1964356 2051549 2102745 2112845 2188069 2249485
> dim(pig60K.temp)
[1] 9 6
> CMplot(pig60K.temp, plot.type = "c", outward = TRUE, memo = "test2")
Circular_Manhattan Plotting trait1_test2.
Circular_Manhattan Plotting trait2_test2.
Circular_Manhattan Plotting trait3_test2.
I get three figures that are quite distinct.
The original data for chromosome 7.
The first test with chromosome 7: pig60K[pig60K$Chromosome==7 & (pig60K$Position > 1929500 & pig60K$Position < 2929500),]
The second test with chromosome 7: pig60K[pig60K$Chromosome==7 & (pig60K$Position > 1929500 & pig60K$Position < 2283393),]
Where in the code can I determine the beginning and end of the circle and base it on the input starting and ending position for a given region?
Great thanks for your patience and carefulness of pointing out this issues, very helpful. From your test, my first instinct is that CMplot
always starts the plot at 0 for each chromosome, rather than the minimum value, which maybe inappropriate for some cases, especially for a certain region of chromosome. I will tweak the script to address this issue at the next days, and I will feed back here if finished. Thanks again. Cheers!
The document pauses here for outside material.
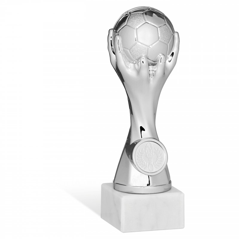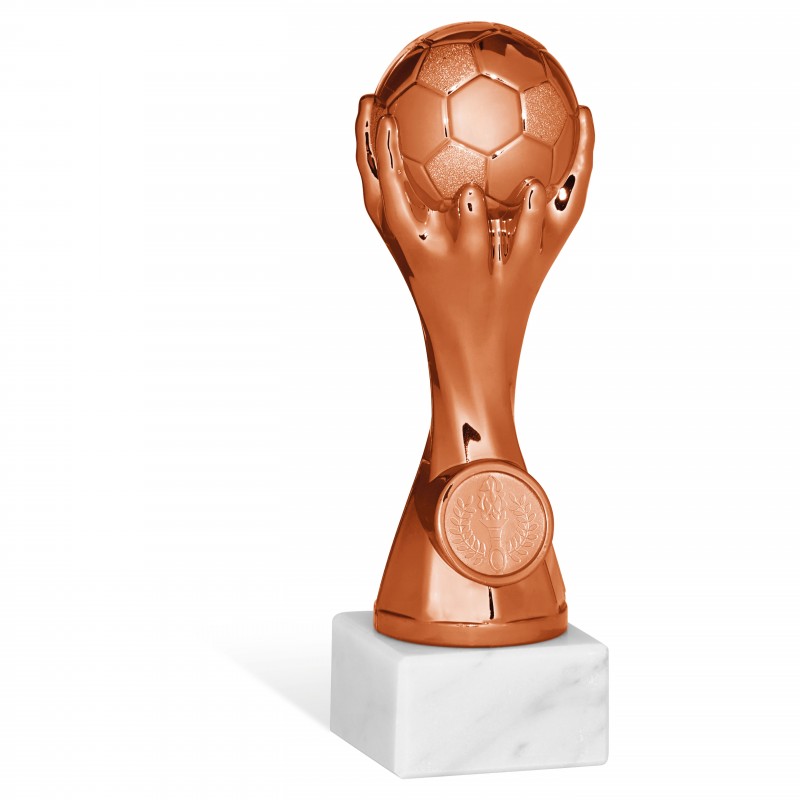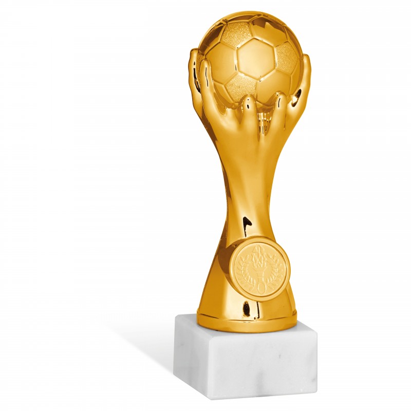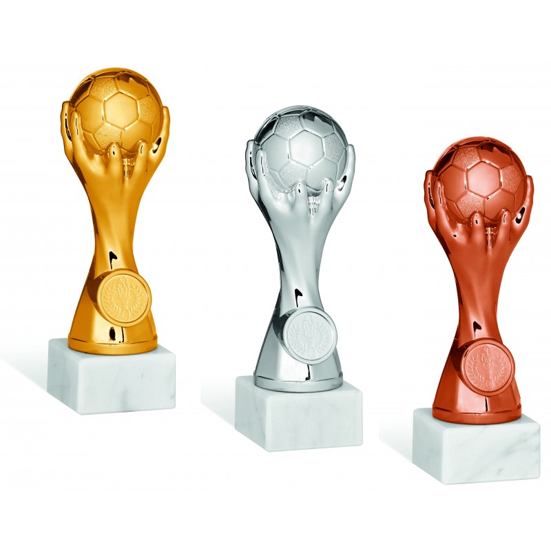 Coppa in plastica oro, argento e bronzo soggetto calcio. Personalizzazione del cono con etichetta tonda mm 25. Targhetta sempre compresa.

Thanks. No problem - am happy to help.
Did you make any progress by any chance?
Sorry for the late update. I have fixed the bug you proposed here, the latest version is available on GitHub, try to use it by source
, and I will submit it to CRAN in the coming days, thanks again for the feedbacks.
Ah nice. I will check it out and will circle back!